The dog excelled in his skill as a thief, stealing pigs, chickens, tapa cloth, all kinds of property for his master.
The master told that dog to get the tabu awa roots of the king, which were growing on the hillsides of Waipio Valley.
When that place was stripped, he sent the dog [[109]]to the precipices of Waimanu, and he took nearly all that was there.
Then the king commanded his people to watch the awa fields and catch the one who was stealing his growing awa.
They began their watch. When the night was almost over and the dawn was touching the sky they found the thief. These men followed the thief and caught his master in a cave, all wrinkled from drinking much awa.
They took the master and the dog to the king Kiha as prisoners, and the king planned to have them steal that shell which troubled him. If they failed they should be put to death. This was the sentence of the king upon his prisoners.
The master talked with his dog, and told him all the word of the king. They planned to pay for the theft of the awa, but not by the death of their bodies.

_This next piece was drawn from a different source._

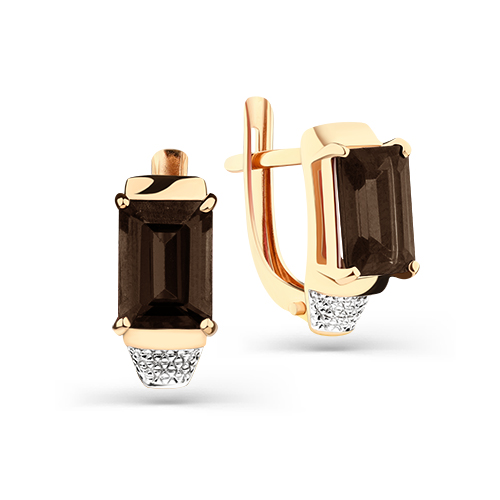 Привлекательные серьги из красного золота 585 пробы с раухтопазами смотрятся ярко и современно. Золотое украшение подойдет для прекрасного подарка, а также идеально дополнит стильный повседневный образ, подчеркнув красоту и женственность владелицы. Тип замка - английский, надёжно зафиксирует украшение. Приобретайте серьги по выгодным ценам в магазинах Мир Золота.

The dog went out to win the shell from the gods under cover of the night, when the darkness was great and all kinds of shell voices were mingling with other voices of the woodland and wilderness.
Then came the softly resonant voice of that shell blown by the gods. According to an ancient chant, “The song of Kiha-pu calls Kauai,” meaning the song is listened to from far distant Kauai. [[110]]
The dog ran swiftly while the sound of the shell was great, and hid in a corner of a stone wall of the heiau. He waited and waited a long time. The dawn was almost at hand. Then the watchers fell into deep sleep.